Val hung up, satisfied with the phone call despite its abrupt end. Someone less polite than Omar would have hung up on her sooner. Assuming what he'd said about his short acquaintance with Lillian was true, then what could have brought the two of them together? Omar didn't come across as someone who shirked his duties. Still, he'd spent Saturday night away from his job, prime time at any restaurant. Val would need to dig further to find out why and how Lillian had convinced him to show up at the Codger Cook's dinner party.
She'd done enough research for tonight. Tomorrow she'd have to get up early to buy café provisions at the market.
 
 
At six-thirty Wednesday morning, Val dressed in a turquoise T-shirt she could wear later for tennis and black Capri pants she'd swap out for white shorts to wear on the court this afternoon. She grabbed a package of peanut butter crackers to tide her over until she made coffee and a real breakfast for herself at the café. Her Saturn still smelled of dead fish, but the odor was far less pungent than two days ago. On her way to the farmers' market, she drove with her window wide open to let in the cool morning air.

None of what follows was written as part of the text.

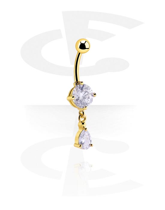 Kolczyk do pępka (stal chirurgiczna, złoto, błyszczące wykończenie) z kryształami

The market opened for business at eight, but she'd made a standing arrangement to pick up produce, eggs, and artisan bread an hour before that. Today the market also offered fresh chickens raised on a local farm. She couldn't resist.
Her purchases filled four recyclable bags, one devoted to melons. She drove back along a country road toward Bayport. Before reaching town, she turned onto another rural road leading to the racket and fitness club. As usual this early in the morning, the club's lot was less than a quarter full. She toted the bags into the club, two in each hand. Rushing into the café alcove, she suddenly felt like an ice-skater. Her tennis shoes slid out from under her on the tile floor. She dropped the bags on her way down and tried to break her fall. The back of her head smacked against the floor.